ARC-Authentication-Results: i=1; mx.google.com;
   spf=pass (google.com: domain of ebusiness@fcmb.com designates 41.223.147.112 as permitted sender) smtp.mailfrom=ebusiness@fcmb.com;
   dmarc=pass (p=REJECT sp=REJECT dis=NONE) header.from=fcmb.com
Return-Path: <ebusiness@fcmb.com>
Received: from lin-smtp.fcmb.com (lin-smtp.fcmb.com. [41.223.147.112])
    by mx.google.com with SMTP id n5si1099097wmi.93.2019.09.04.11.31.49
    for <XXX@gmail.com>;
    Wed, 04 Sep 2019 11:31:50 -0700 (PDT)
Received-SPF: pass (google.com: domain of ebusiness@fcmb.com designates 41.223.147.112 as permitted sender) client-ip=41.223.147.112;
Authentication-Results: mx.google.com;
   spf=pass (google.com: domain of ebusiness@fcmb.com designates 41.223.147.112 as permitted sender) smtp.mailfrom=ebusiness@fcmb.com;
   dmarc=pass (p=REJECT sp=REJECT dis=NONE) header.from=fcmb.com
Message-ID: <5d700316.1c69fb81.8dceb.fbc9SMTPIN_ADDED_MISSING@mx.google.com>
Received: from INTRANET (unknown [172.27.15.3]) 
   by lin-smtp.fcmb.com (Postfix) 
   with ESMTP id 69410875FC 
   for <XXX@GMAIL.COM>;
   Wed, 4 Sep 2019 19:43:36 +0100 (WAT)
MIME-Version: 1.0
From: FCMB <ebusiness@fcmb.com>

How can I tell if this really being sent to me legitimately? Is this being faked in a way that I am missing things? In which case I want to better understand it since if not for all the red flags, I would have concluded that this email is legitimate.

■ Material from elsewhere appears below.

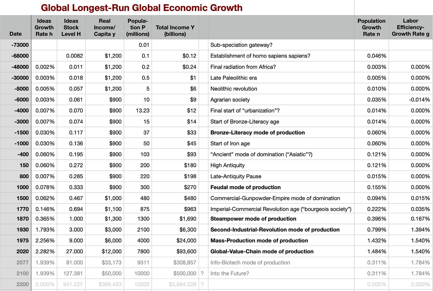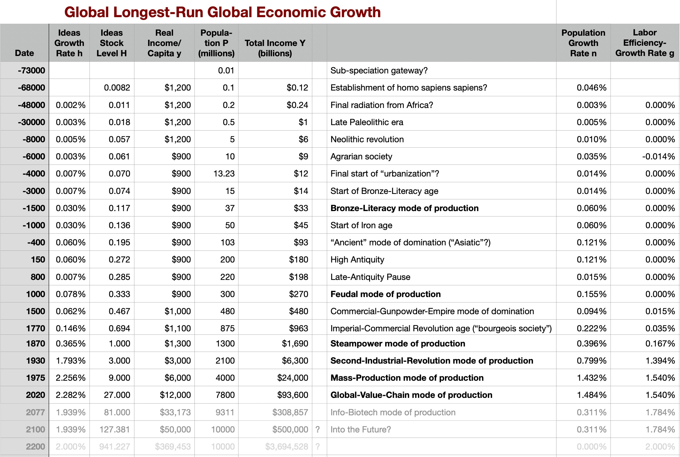 Why take the square-root? Well, if we just multiplied average income by population—called total world real income “technology”—we would be implicitly assuming that labor is useless and unproductive. But that cannot be right: each mouth comes with two eyes, two hands, and a brain. If we just took average income—called that “technology”—we would be implicitly assuming that natural resources are unimportant, and that it does not matter how small population growth has reduced the size of the average plot of land on which a typical person’s food is to be grown. That also cannot be right: resource scarcity, and attempts to compensate for it, are a very real thing in our world, today and in our past.

P.S. This is the third email I've received in the last 2 months from FMCB that is addressed to "Daniel".

schroeder
  • 123,438
  • 55
  • 284
  • 319
Joel
  • 123
  • 4
  • Re: "Daniel". I get tons of emails destined for other people because they used my email address by mistake when they signed up. The misaddressed part is not enough to determine legitimacy. – schroeder Sep 05 '19 at 08:50
  • Do you have an account with that bank? If not, I don't see any reason to look into that. Usually, business is not conducted between (new) customers and banks (ofc that depends on your location as well...) - so I guess the best case is, that it's spam. – mhr Sep 05 '19 at 08:52
  • 2
    I'm editing this question to focus on "how" to determine if the headers are legitimate. We can't be a site that combs through random email headers. – schroeder Sep 05 '19 at 08:53

3 Answers3

3

To be honest this looks fine. It would be helpful to see the mail itself.

The whole fcmb.com domain is valid. They are not listed on any blacklist. Those IPs are all valid. They use emailprotection by trendmicro. They have valid certs by GlobalSign issued for the hostingprovider of their website, Incapsula Inc.

Here is some information on the bank:

https://en.wikipedia.org/wiki/First_City_Monument_Bank

This is the procedure:

I start with those "received" fields and check the "from" values. In your case there is only one field.

We find lin-smtp.fcmb.com and 41.233.147.112 this is correct as lin-smtp.fcmb.com actually resolves to 41.233.147.112. You can check this with a reverse DNS lookup. In spoofed mails they sometimes add false values here like a nonexistend domain or ip. But typically they only adjust the "Return-Path"

"Received-SFP" indicates they have a SPF record set on their domain. This technique is used to determine which sending addresses are allowed to send mails in the name of said domain. Its whole purpose is to avoid spoofing.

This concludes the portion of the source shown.